/Intelligent-public-web-data-extraction

Imperial College London Advanced Data Science Team - Intelligent public web data extraction project with Refinitiv

Primary LanguageJupyter Notebook

Intelligent-public-web-data-extraction

Imperial College London Advanced Data Science Team - Intelligent public web data extraction project with Refinitiv

To run the spider first clone the repository:

git clone https://github.com/jakobtorben/Intelligent-public-web-data-extraction
cd ManWebScraper

to run the HSBC crawler run the command

scrapy crawl extract_board -o HSBC_board.csv

Similarly for Unilever

scrapy crawl Unilever_board -o Unilever_board.csv

Abstract Syntax Tree

In the AST folder, the method of using abstract syntax trees to find the difference between parsers is explored. The file parser_diff.py is a similarity checker that has extracted the core functionality of the Python package Pycode_similar.
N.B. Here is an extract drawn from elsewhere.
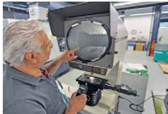
Le contrôle qualité est une étape particulièrement longue mais son importance est capitale pour un résultat final parfait. Chez TS Décolletage à Bedano des procédures de contrôle appropriées sont appliquées à cet effet en fonction des besoins spécifiques des divers clients.

It includes two methods to calculate the similarity between two functions:

  • UnifiedDiff: Finds the difference in nodes after normalising the function's nodes.
  • TreeDiff: Uses the package zss.distance to find the distance between two ordered trees, which is considered to be the weighted number of edit operations to transform one tree to another.

At the bottom of the file is an example of how the code can be used to find the similarity.